To guarantee numerical stability the recursion equation which relates 3j coefficients g(m2) with contiguous m2 values m2-1, m2, m2+1 is solved in the direction of increasing g(m2) from both ends of the allowed m2 domain, m2min and m2max. The linear recursion equation reduces to two terms at m2min and m2max and thus can be started at both ends with arbitrary initial values g(m2min) and g(m2max), respectively.
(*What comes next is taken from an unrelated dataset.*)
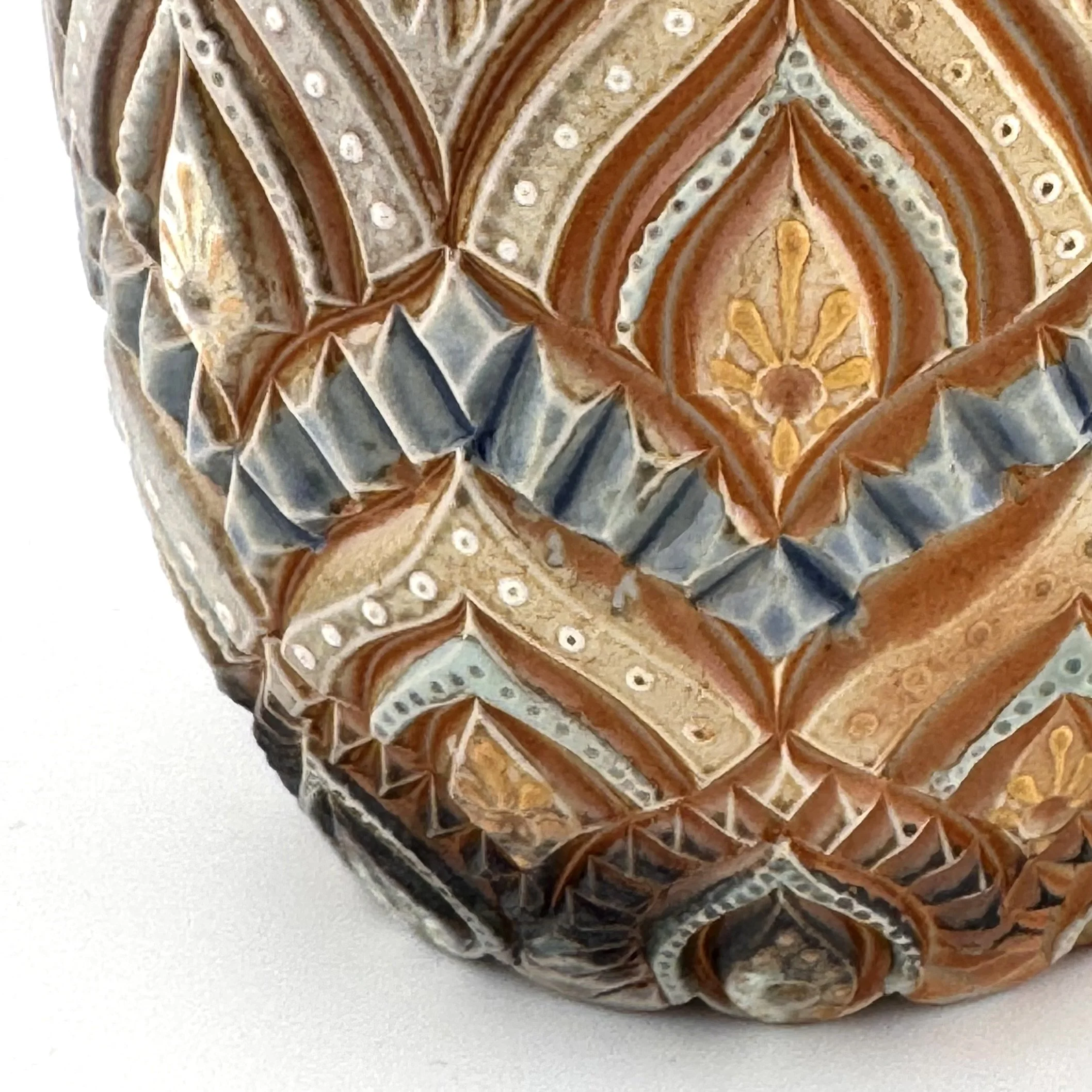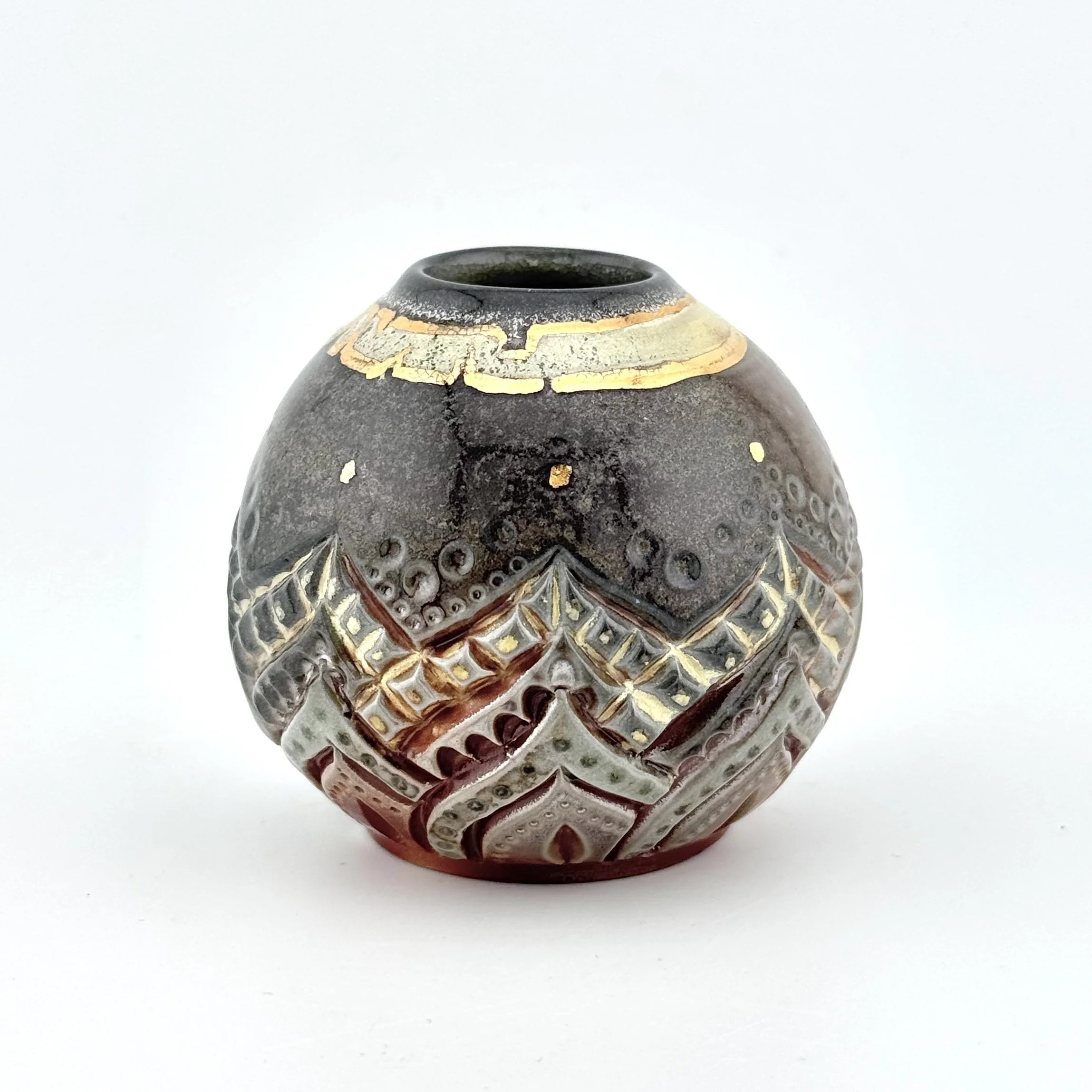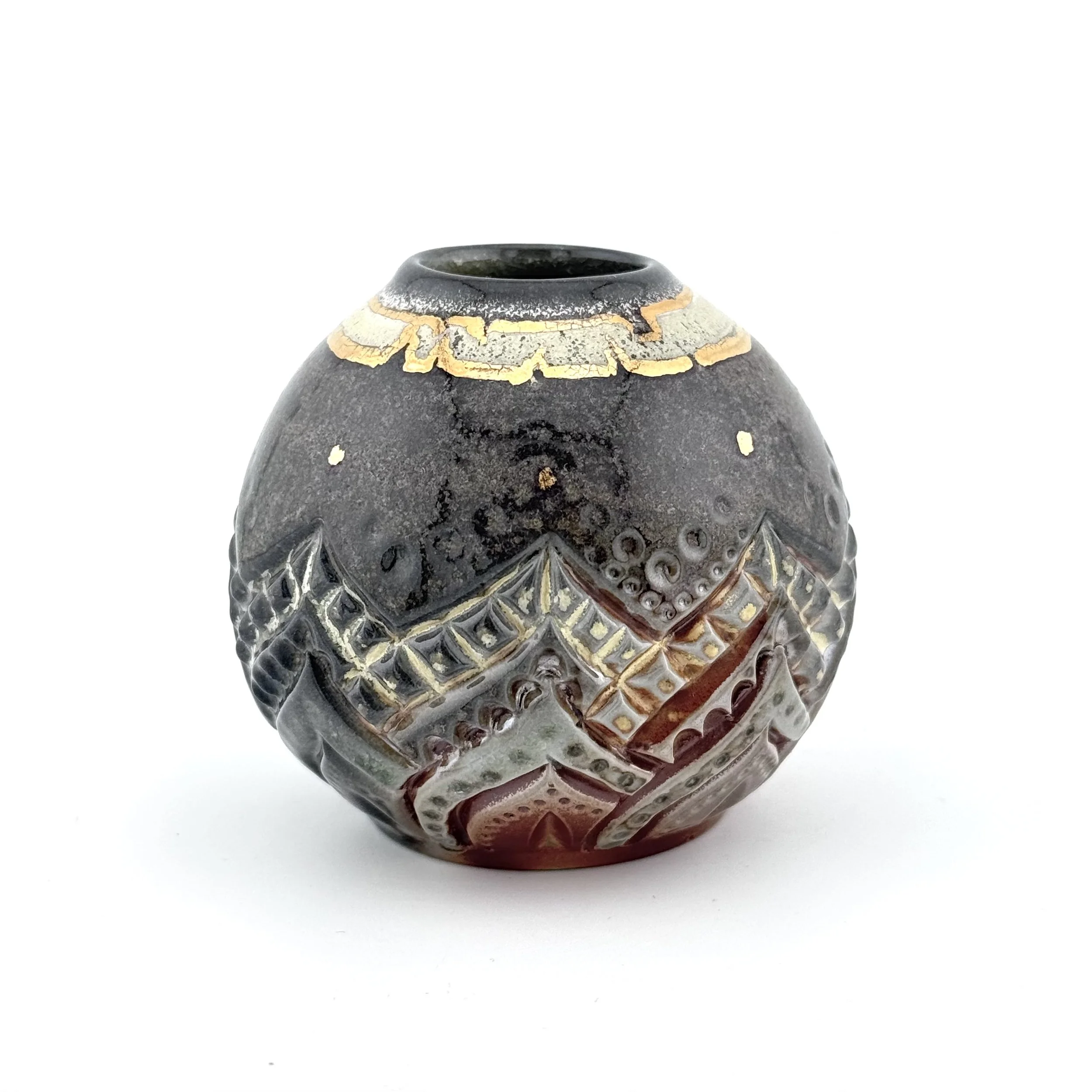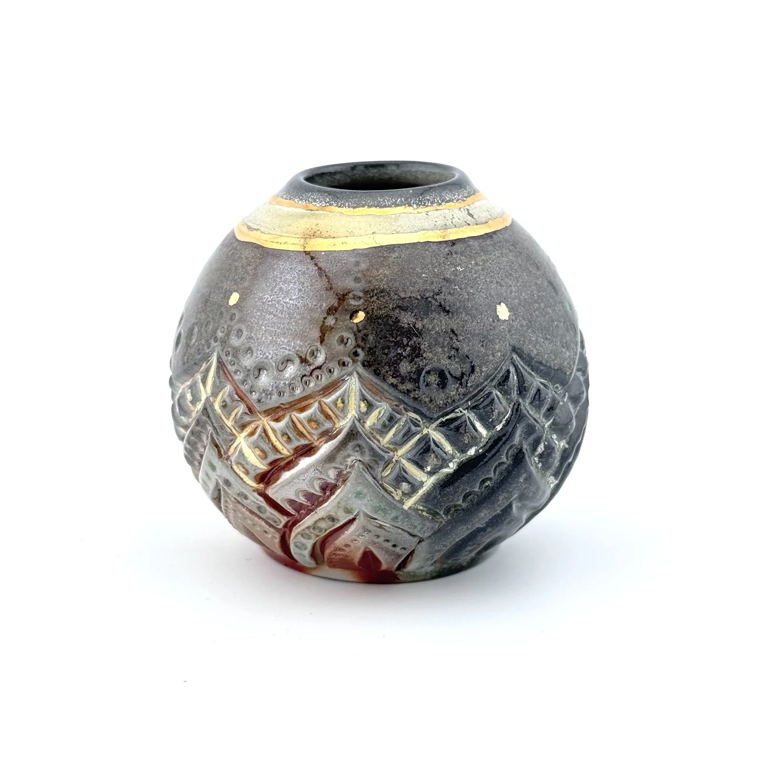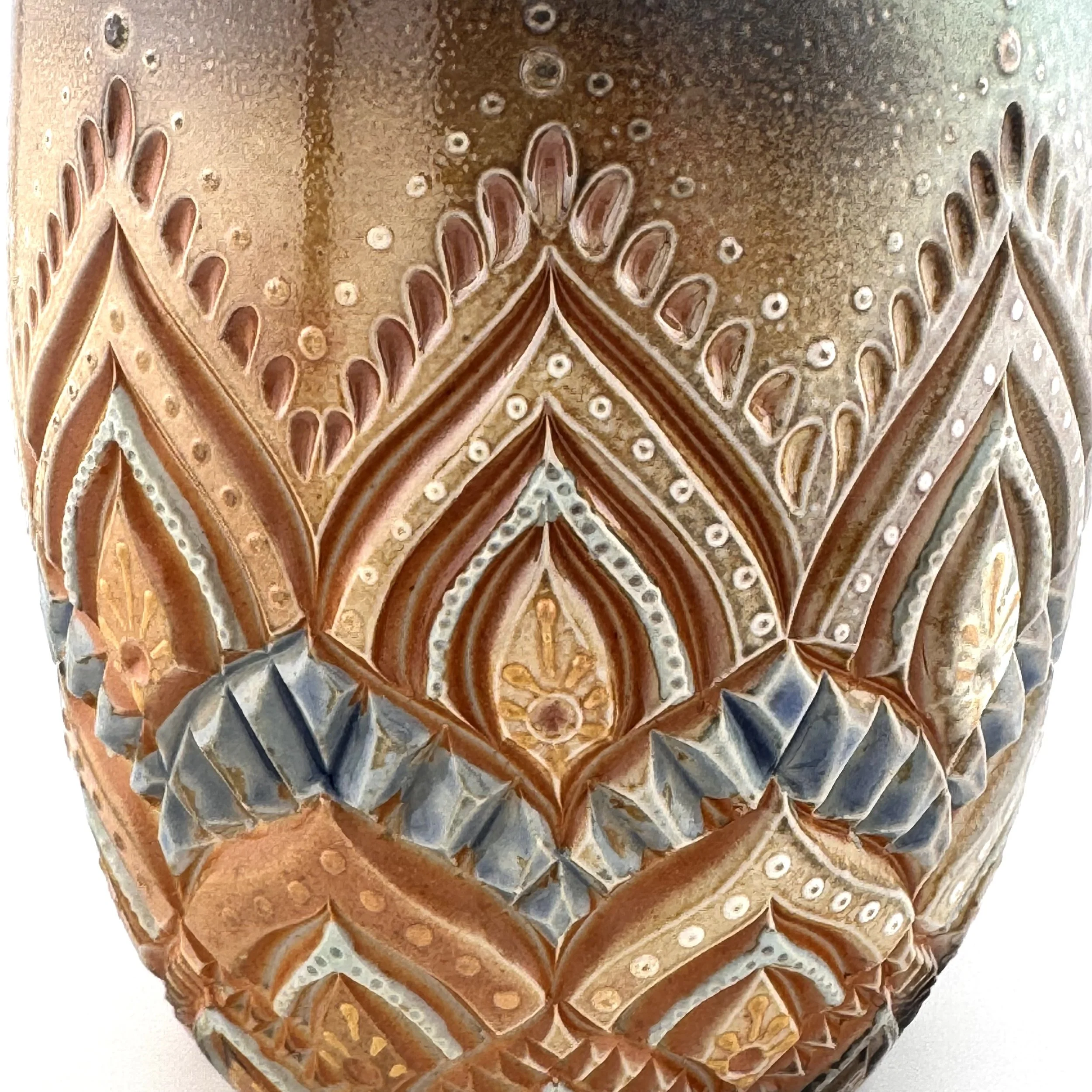 A dramatic addition to any home, this white hand carved vase was sprayed with a cobalt blue vase to accentuate it’s designs. The wide opening makes it perfect for any bouquet, and with or without flowers it’s a work of art on your table.

At an intermediate m2 forward and backward recursion are matched which leaves all g(m2) off by a constant factor. This factor is determined from the unitrary property of 3j coefficients and Wigner's phase convention.
Large quantum number 3 j coefficients g(m2) may vary over many orders of magnitude over their m2 domain. The program prevents underflow and overflow for which purpose the smallest and largest number representable on the computer, TINY and HUGE, respectively, have to be defined. In the recursion process the relative magnitude of contiguous 3j coefficients g(m2) are being evaluated exactly, however. The program sets later on all 3j coefficients which are smaller than TINY to zero.
0.3 ms per 3j coefficient for m2max-m2min > 20, somewhat longer for smaller m2 domains.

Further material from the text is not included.